Is it normal to have aches and pains with age? Unfortunately, yes. We can expect to experience body aches and pains as we grow older. But do we know why? Understanding the underlying reasons for a throbbing elbow or the increased tendency to pull muscles makes a world of difference in how we process that information and treat symptoms.
If you’re more aware of how your body is changing, you can take steps to avoid or mitigate musculoskeletal problems and pain. Even if the effects of gravity or your particular genetic tendencies are unavoidable, knowing how to ease your current source of discomfort can brighten your outlook.
Life’s aches and pains also may act as valuable warning signs about where your health is heading. Take a look at what you can control now, so you’ll have greater command over tomorrow.
Causes of Aches & Pains as We Age
Three major sources of physical pain for seniors are joint pain, muscle strains and trauma from falls and broken bones. We become more susceptible to these as we age because the risk of certain chronic conditions rises over time. Progressive illnesses begin to show symptoms near or after age 60, including these three conditions:
Osteoporosis, a weakening of the bones, affects both men and women, although the condition is more common in women. Smaller bones combined with a loss of estrogen beginning in menopause makes women more susceptible to bone loss.
Bone cells go through a life cycle of generation, maintenance and death. When we are younger, we build bone mass by creating new bone more quickly than we break it down. Over time, this process slows and eventually more bone mass is lost than replaced, and our bone density diminishes. Weaker, more brittle bones are more vulnerable. Fragile bones are at a greater risk of fracture and can take longer to heal.
Sarcopenia is a fancy name for muscle wasting.

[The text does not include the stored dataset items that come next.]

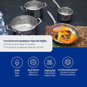 Capacidade da Panela: Caçarola Funda 3,8L, Caçarola Rasa 4,7L, Panela 1,7L, Frigideira 2,2L
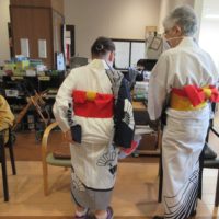 浴衣や法被(はっぴ)を着て頂き、いざ踊りへ。
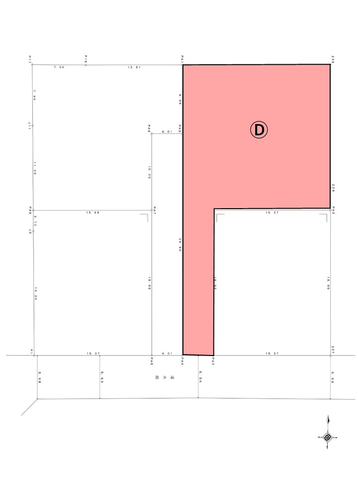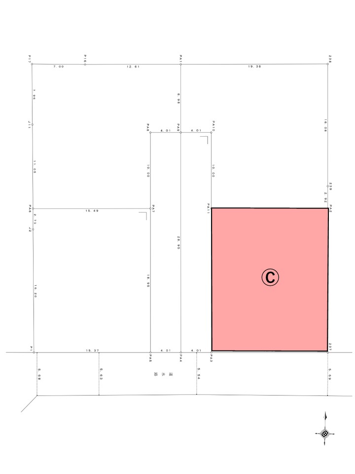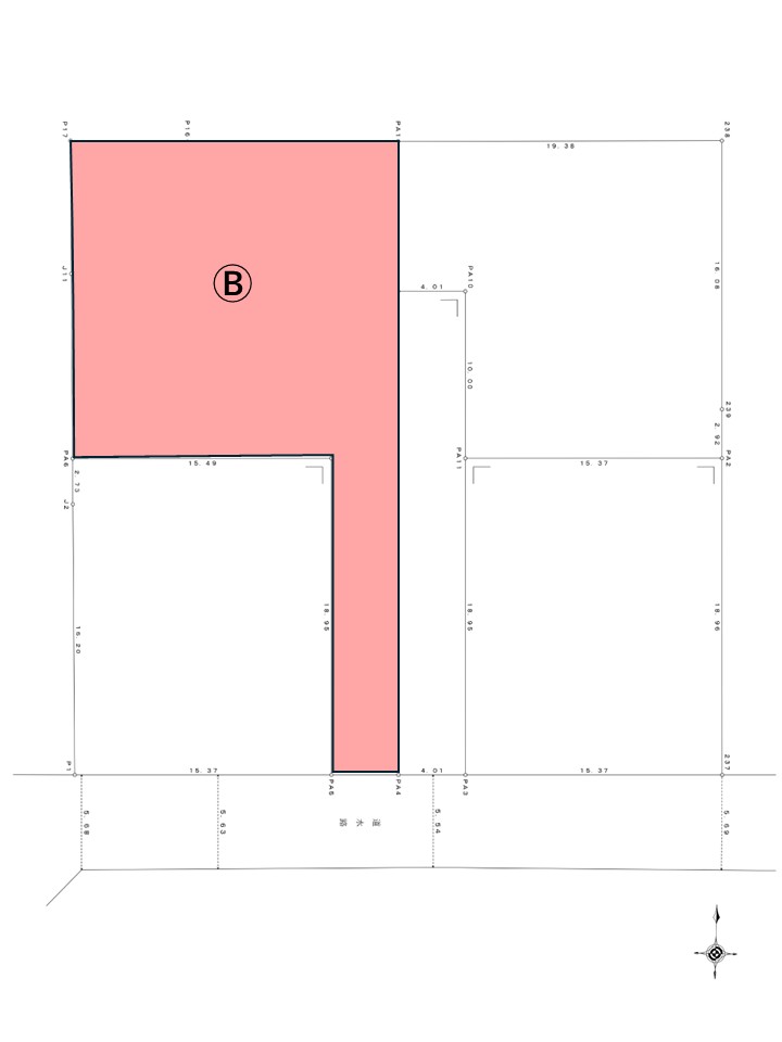 ・B’とD’は地役権を設定します。地役権設定費用が別途掛かります
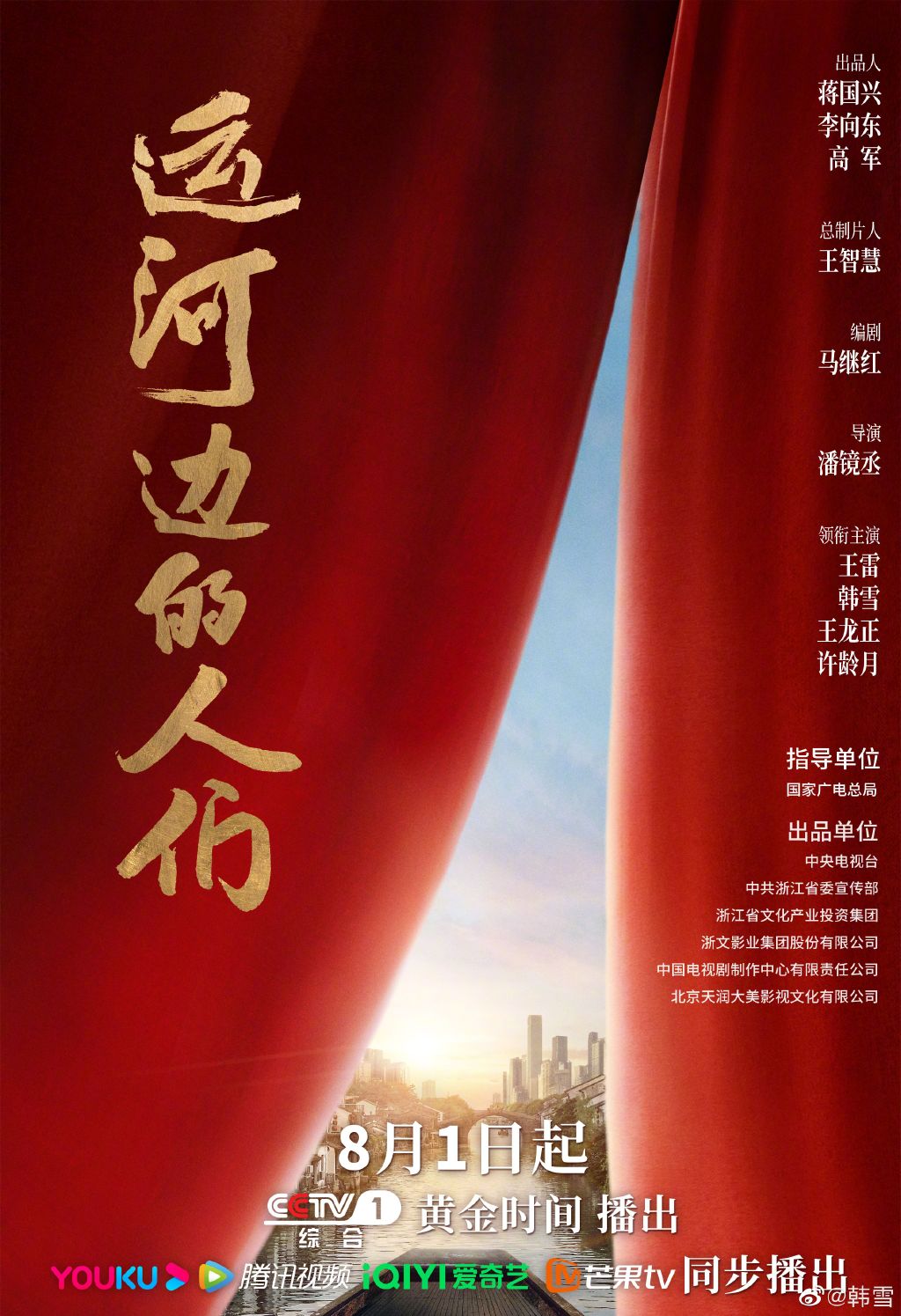 《运河边的人们》是由潘镜丞执导,王雷、韩雪、王龙正、许龄月领衔主演,马少骅、于洋、陈逸恒、徐百慧、徐娇、李光复、董勇、郑卫莉、王仁君、何明翰、张秋歌等主演的重点剧。该剧于2022年8月1日在央视一套播出,并在优酷视频、腾讯视频、爱奇艺、芒果TV同步播出 。
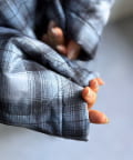 落ち着いた色合いのチェック柄は、カジュアルながらも上品な印象。
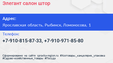 Элегант, салон штор по адресу Ярославская область, Рыбинск, Ломоносова, 1 в дальнейшем Организация, размещена в следующих категориях:
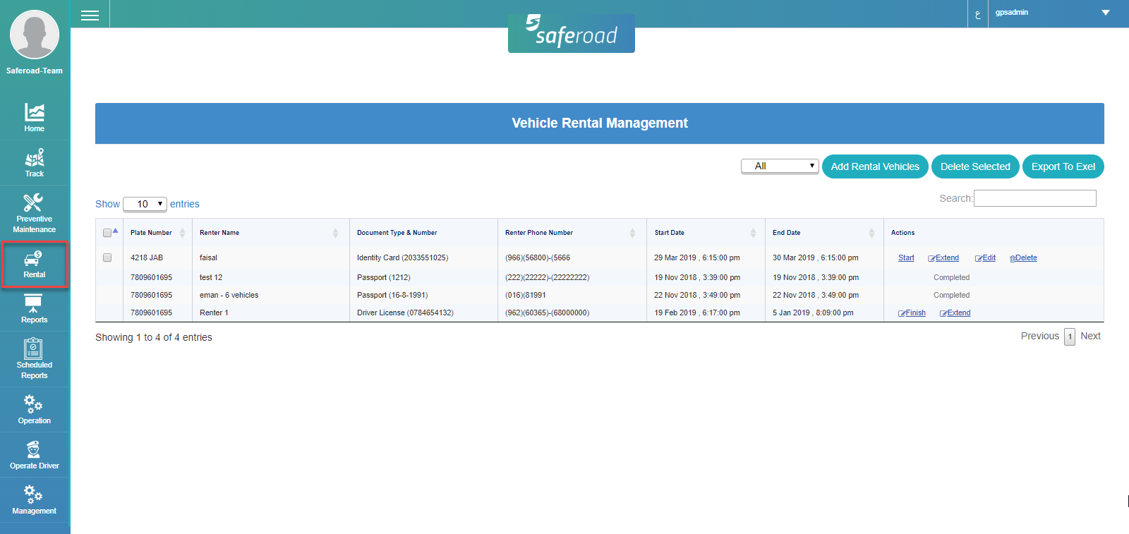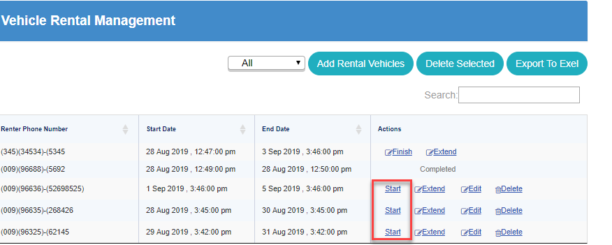If you click on Finish, you will be redirected to Vehicle Rental Management screen, and if click on Start Over button, you will be redirected to Add Rental Vehicles screen to add another rental.

Older bodies are less efficient at absorbing and using nutrients. Smaller appetites make us less likely to consume all the foods we need to stay healthy. When these elements combine, we may lose muscle mass.

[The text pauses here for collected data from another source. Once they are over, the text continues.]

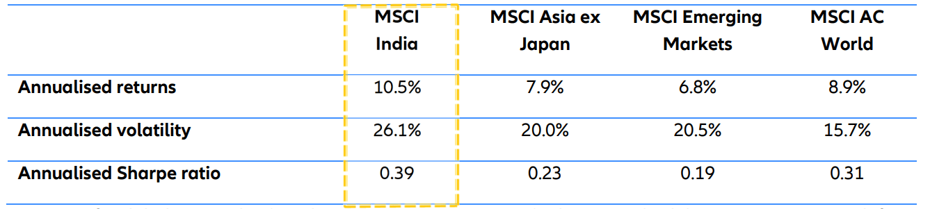 - While volatility in Indian equities has registered above regional averages, it nonetheless still demonstrates a significantly higher Sharpe ratio (excess returns adjusted for volatility) than most other Asian, emerging, and even global markets.
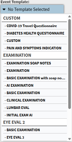 - Click on the Event Template drop-down menu to select an appropriate option for the Dashboard Item.
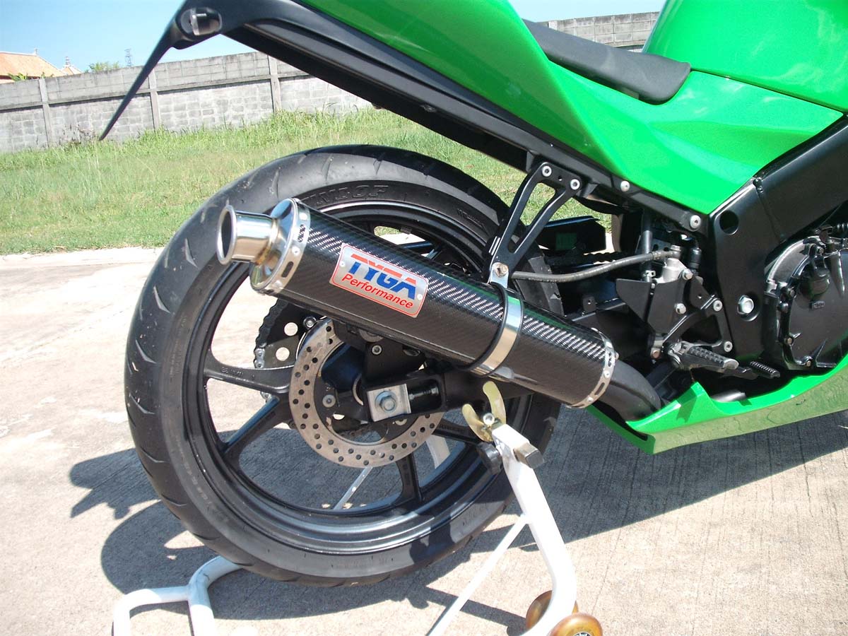 Yaapp, Penyedia part bodykit dan aksesoris bolt-on ternama asal negeri Paman Sam ” Tyga Performance ” membuat Part Bodykit dan aksesoris lainnya untuk motor yang berkategori sangat langka ini. Tampilan pun langsung berubah 180 derajat ( atau 360 derajat malah, :D). Fairing yang sebelumnya tampak kuno kini diganti dengan Fairing baru dengan Dual-Eyes Headlamp dan detail body yang mirip……. Mirip siapa hayooo ? Detailnya mirip Ninja EX250R keluaran 2007 keatas Brosist ! (Nah, Ganti tampang bisa sekalian ganti jaman juga), Bahkan yang ini bisa dibilang lebih keren karena sudah aplikasi Dual-Eyes Headlamp & Framenya yang jauh lebih Kekar.
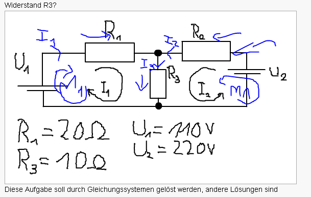 Deine Schaltung hat zwei Maschen. Die Linke nenne ich M1 und die Rechte M2
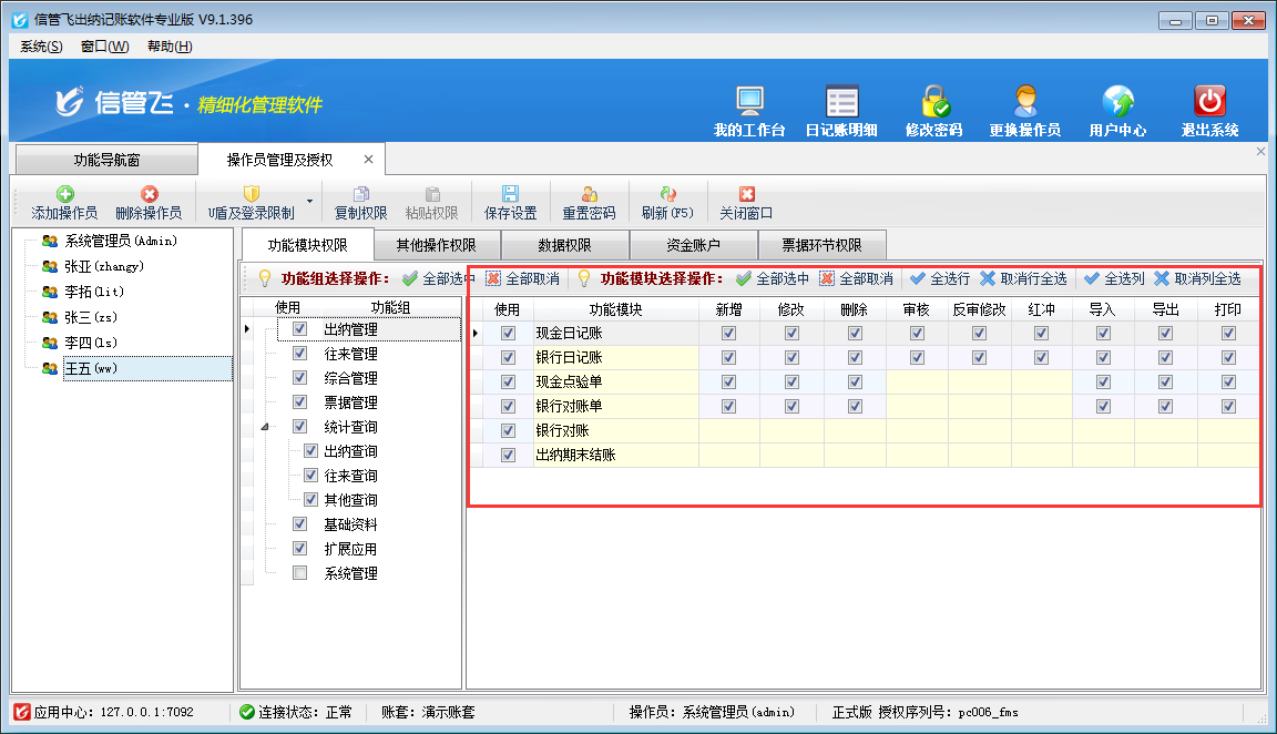 設置操作員權限:操作員賬號添加后,請選中操作員賬號,然后在其右側可以設置操作員可操作的功能模塊權限、數據權限及其他操作權限。設置功能模塊權限的時候,注意功能模塊權限打勾選擇“使用”后,還需要設置詳細的操作權限(如新增、刪除、審核、反審修改、紅沖、導入、導出、打印等),如果不設置詳細的模塊操作權限,則只能進入功能模塊,但無法執行任何操作。

Reduced muscular vitality makes us less flexible and strong. Simple actions from a sneeze to a stretch can precipitate “pulled” muscles, resulting in inflammation and pain. Weak muscles can also affect balance and increase the risk of falls.
Arthritis occurs when the tissue surrounding or lining the joints breaks down and periodically becomes inflamed. Osteoarthritis affects cartilage, while rheumatoid arthritis affects the joint capsule.

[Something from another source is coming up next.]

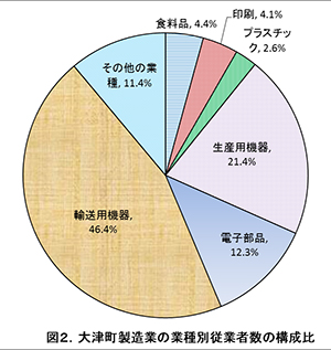 大津町は、熊本県の中北部に位置し、人口は1975年の約18千人を底に増加に転じ、2010年には約31千人にまで急増しています。男性従業者数の産業別構成比をみると、製造業が約36%と圧倒的に多く、製造業が人口増を牽引していることがわかります。さらに製造業における業種別従業者数の構成比をみると、輸送用機器が5割近くを占めていますが、それ以外にも生産用機器をはじめ多様な業種が集積しています。
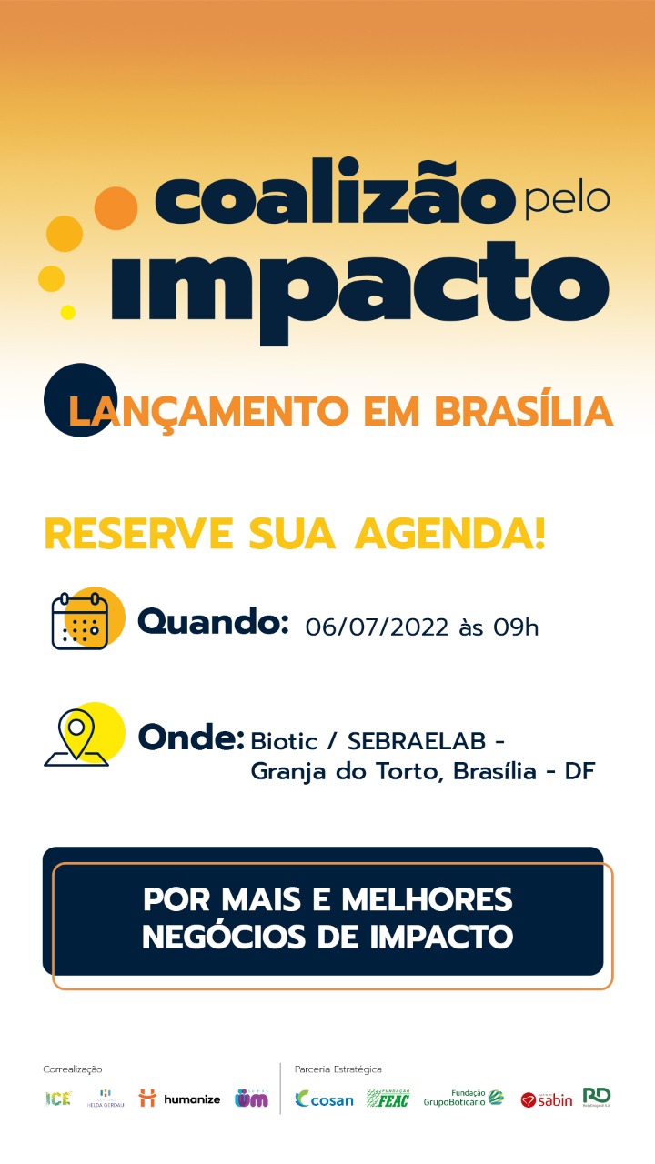 Participe! Dia 6 de julho, às 9h, no Biotic – SebraeLab, na Granja do Torto. Inscrições: https://conteudo.ice.org.br/bsb-coalizao-pelo-impacto

These and less common types of arthritis may either prompt or be caused by a wearing down of the adjacent bones. That dull or grinding ache reminds you to take it easy with a knee, elbow, wrist or other problem joints.
Preventing and Treating Pains in Seniors
You might not avoid some aches, though you can alleviate some of the pain. Maintaining a healthy weight and monitoring your nutrient intake is good advice for any musculoskeletal condition. You can also use judicious self-care to alleviate inflamed or sore muscles, joints or bones.
Watch your diet! Older adults face a growing risk of nutritional deficiency, partly due to physical changes and partly due to reductions in appetite or dietary variety. For bone and joint health, foods that are high in healthy fats, calcium and vitamin E are important. Get good fats and vitamin E from foods like olive oil, salmon, almonds, peanut butter and avocados.
Low-fat dairy products and canned whole sardines are good sources of calcium, which strengthens bones. In order to absorb the calcium, your body needs vitamin D. If you don’t get much vitamin D through body exposure to sunlight, take a daily supplement.
Maintain muscle mass by getting plenty of low-fat protein. Fish is ideal, while lean chicken and beef are your next-best bets. Beans and corn in combination provide a high level of protein, as do soybean products, peanuts and almonds.
Turn down the heat of inflammation and feel better. Alternating hot and cold compresses offers immediate muscle and joint relief. You might try a warm bath followed by application of a cold pack kept in the fridge.
Regular stretching and gentle exercise prevent or reduce inflammation by keeping tissue supple and increasing the space between areas that rub, such as the shoulder bursa and joint socket.
And, finally, rest is something many of us often forget. If you suffer a strain or are coming back from an injury, stay off the affected area to keep inflammation and pain to a minimum. Along with exercise, rest may be the least expensive and most effective way to rise above your aches and pains.